• **PROMPT**: If a record holds a picture, drop the picture and repeat everything else word for word.

• **PROVIDED DATA**:
-=-=-=-=-
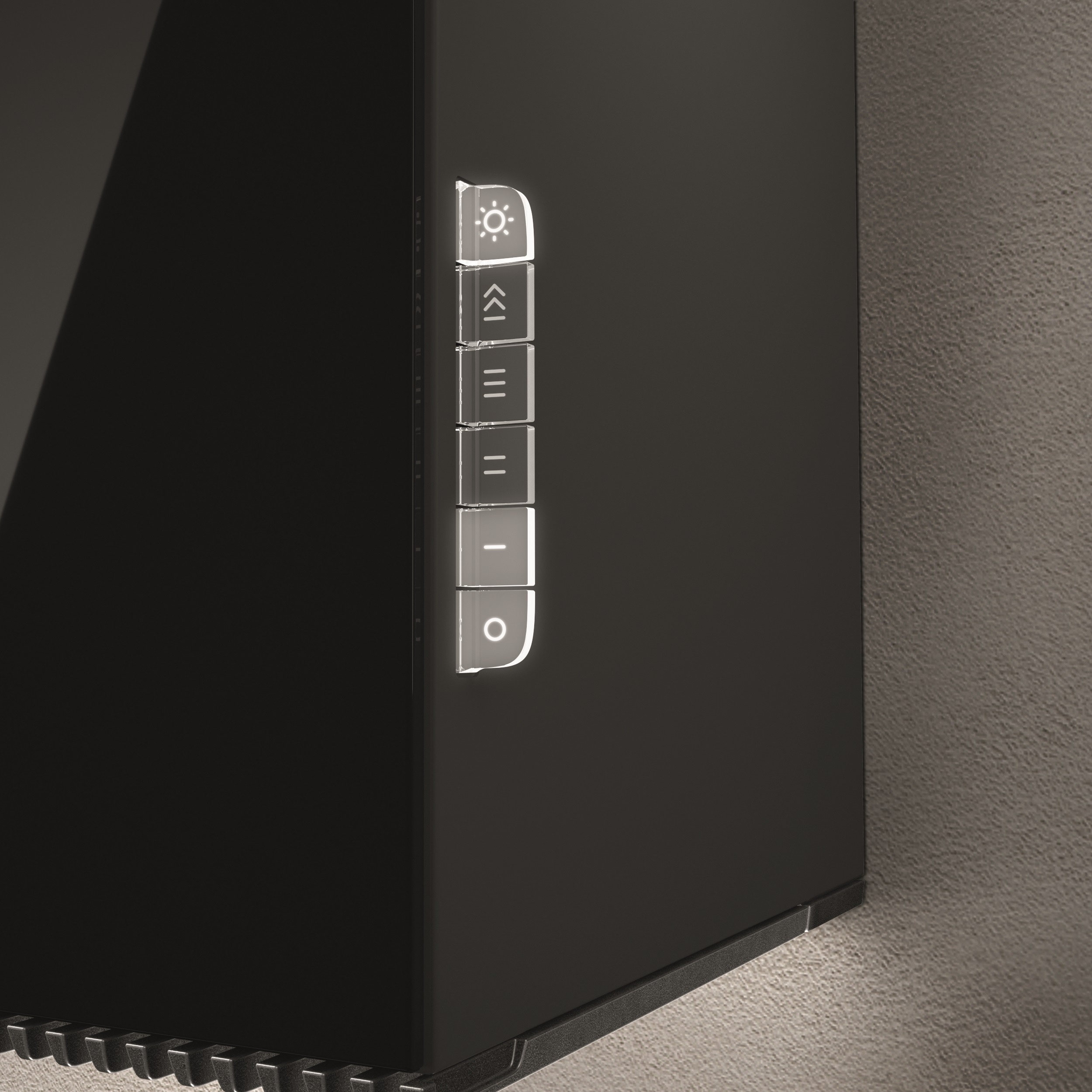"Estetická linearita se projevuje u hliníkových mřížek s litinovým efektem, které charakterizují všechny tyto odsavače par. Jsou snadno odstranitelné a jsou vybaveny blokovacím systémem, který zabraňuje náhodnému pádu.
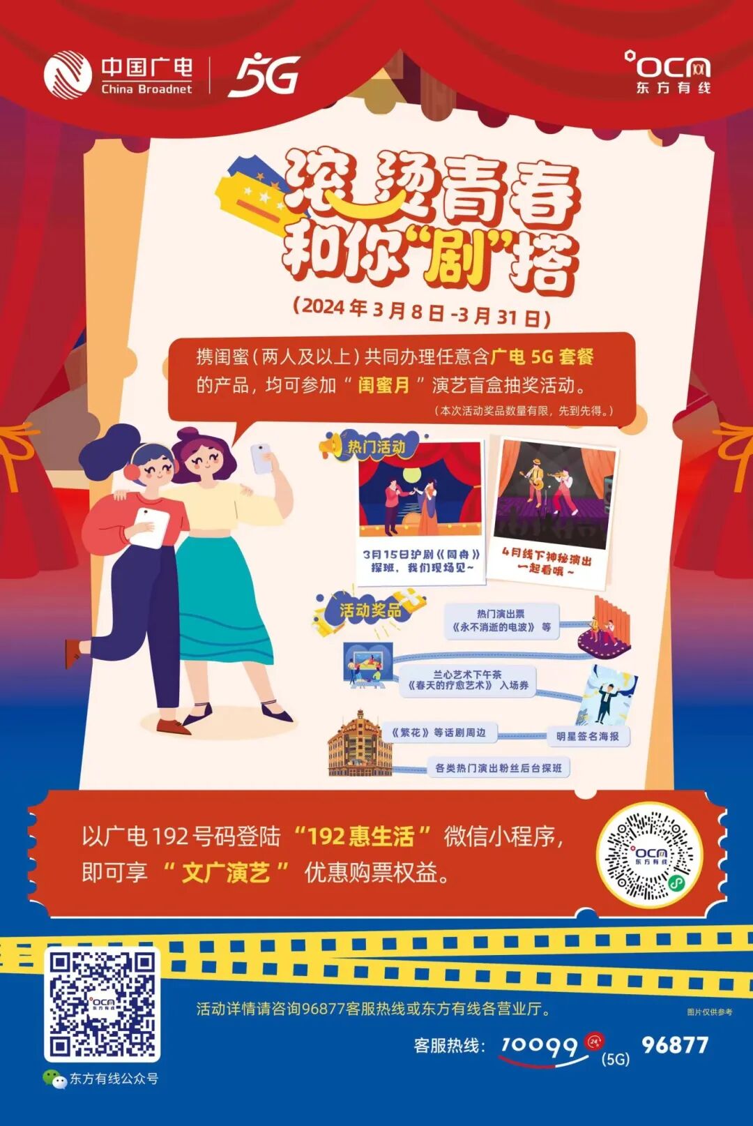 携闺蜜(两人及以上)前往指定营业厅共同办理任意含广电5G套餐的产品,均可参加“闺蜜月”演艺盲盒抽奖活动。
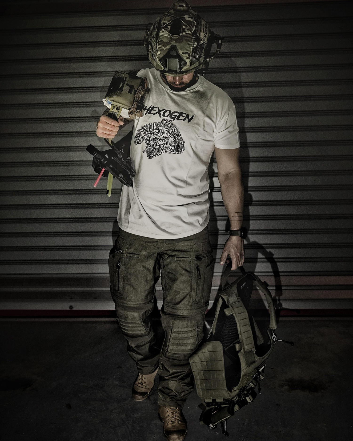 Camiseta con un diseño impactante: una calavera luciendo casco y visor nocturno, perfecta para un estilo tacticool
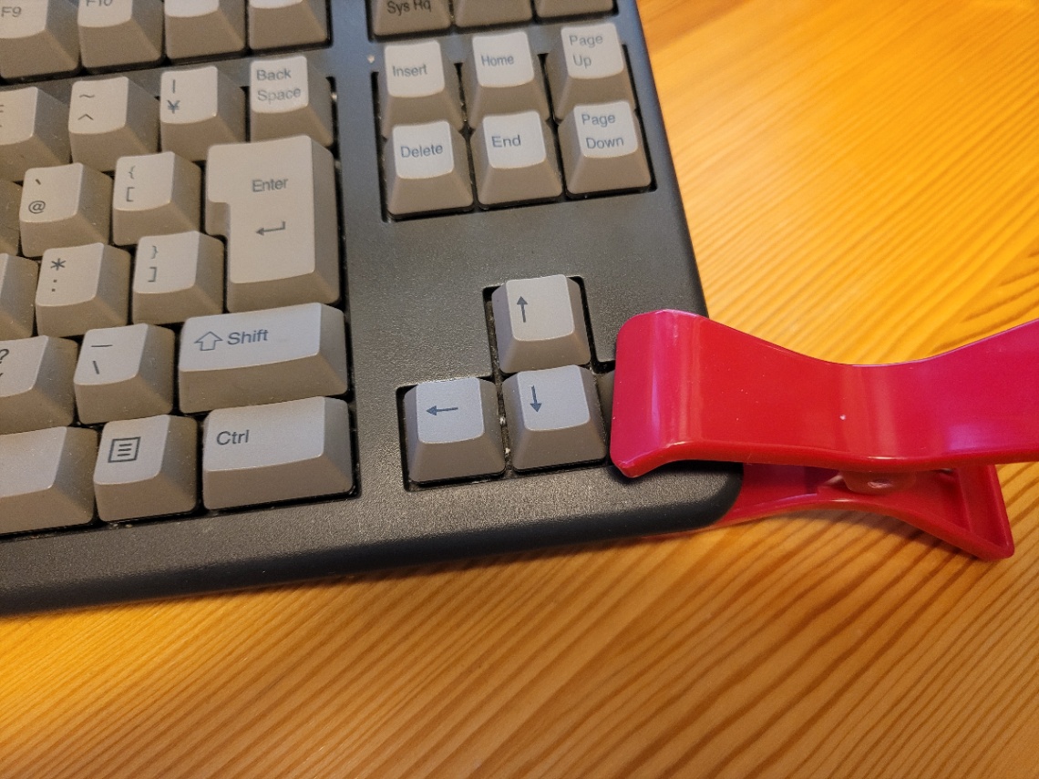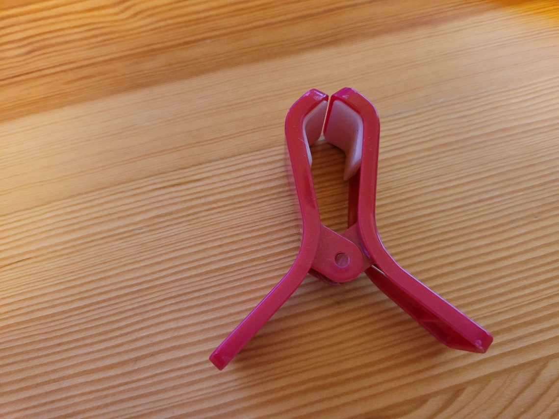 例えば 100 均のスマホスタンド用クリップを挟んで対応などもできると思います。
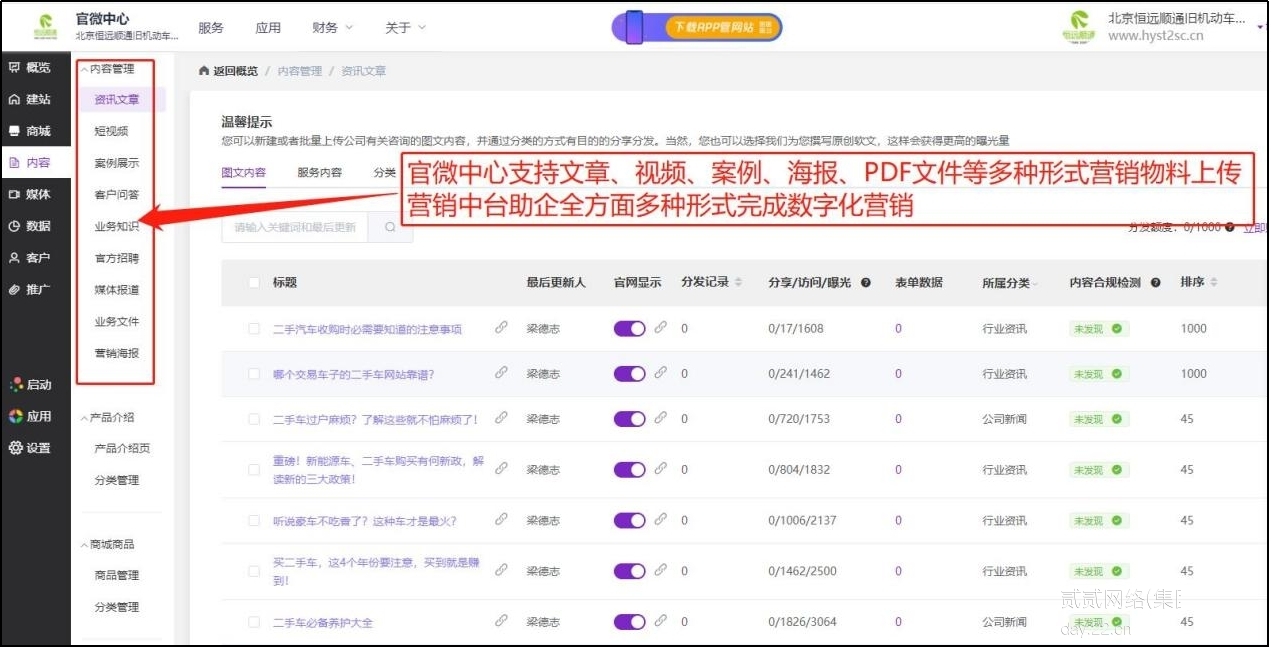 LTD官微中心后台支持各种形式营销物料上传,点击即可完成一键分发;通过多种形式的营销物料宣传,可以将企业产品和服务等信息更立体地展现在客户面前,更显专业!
-=-=-=-=-
• **ANSWER**:
"Estetická linearita se projevuje u hliníkových mřížek s litinovým efektem, které charakterizují všechny tyto odsavače par. Jsou snadno odstranitelné a jsou vybaveny blokovacím systémem, který zabraňuje náhodnému pádu.
 携闺蜜(两人及以上)前往指定营业厅共同办理任意含广电5G套餐的产品,均可参加“闺蜜月”演艺盲盒抽奖活动。
 Camiseta con un diseño impactante: una calavera luciendo casco y visor nocturno, perfecta para un estilo tacticool
 例えば 100 均のスマホスタンド用クリップを挟んで対応などもできると思います。
 LTD官微中心后台支持各种形式营销物料上传,点击即可完成一键分发;通过多种形式的营销物料宣传,可以将企业产品和服务等信息更立体地展现在客户面前,更显专业!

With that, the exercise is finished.